Ich habe es heute Morgen schon einmal gesagt: 1,36 Geburten pro Frau - das ist nicht viel. Wir haben noch 123 Hebammen in Schleswig-Holstein. 98,8 % der Geburten werden in Krankenhäusern

(Anita Klahn)

durchgeführt. Es besteht die Wahlfreiheit, in den Kreißsaal zu gehen. Dass auf der Insel Fehmarn eine Hebamme ihren Dienst eingestellt hat, liegt auch daran, dass die jungen Menschen von dieser Insel weggehen, weil sie dort keine Arbeitsplätze mehr finden. Sie müssen woanders im Land ihren Lebensunterhalt verdienen. Das können wir hier nicht einfach so an einem Runden Tisch ändern.

Meine Damen und Herren, in unserem Antrag finden Sie Ansätze, wie zum Beispiel die Ausweitung der Wochenbettbetreuung von zwei auf sechs Monate. Ich bin gespannt, wie das in dem Modellprojekt Rheinland-Pfalz erprobt wird und welche Ergebnisse dabei herauskommen.

Ich könnte mir wirklich vorstellen, dass das ein Schritt ist, um den Hebammen eine bessere Einkommenssituation zu geben.
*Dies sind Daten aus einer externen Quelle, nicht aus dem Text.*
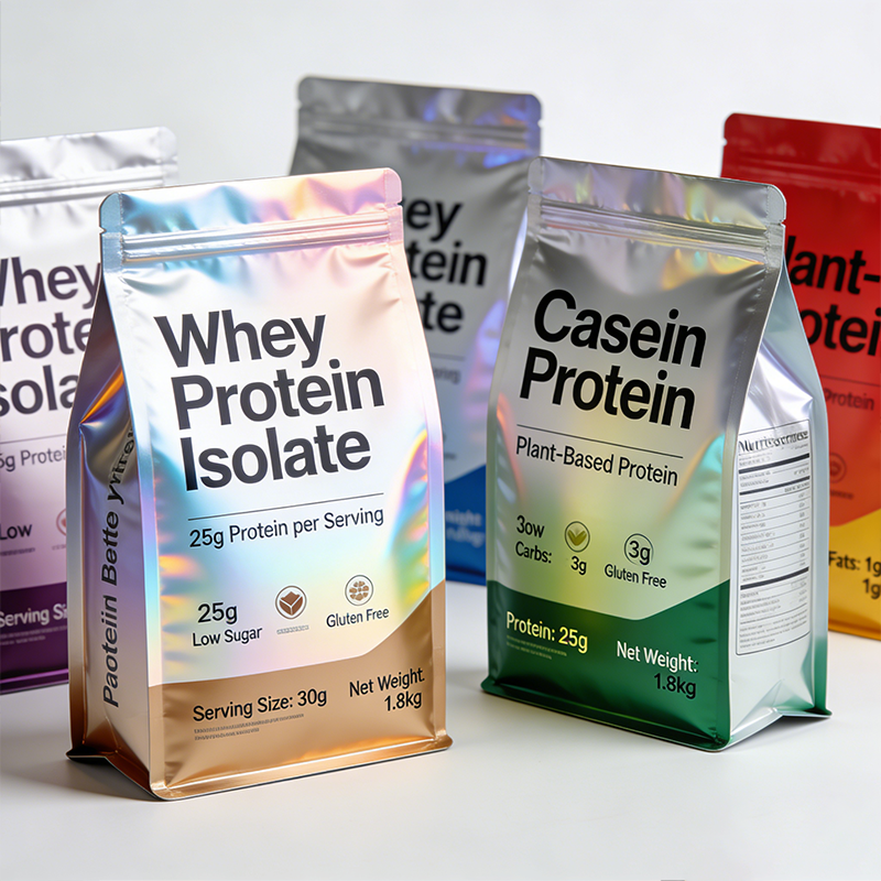 Bolsa de Embalaje para Proteína de Suero con Logotipo Personalizado, 250g 500g, Bolsa Desechable con Sellado Térmico para Proteína en Polvo, Empaque Individual, Bolsa de Fondo Plano

Es wäre aber auch eine wirklich sinnvolle Unterstützung für Mütter.

Frau Abgeordnete Klahn, lassen Sie eine Zwischenfrage von Frau Abgeordneter Sellier zu?

Ja, gern.

Frau Klahn, ist es Ihnen bewusst, dass auch in Krankenhäusern Hebammen beschäftigt sind, die von Kindern entbinden?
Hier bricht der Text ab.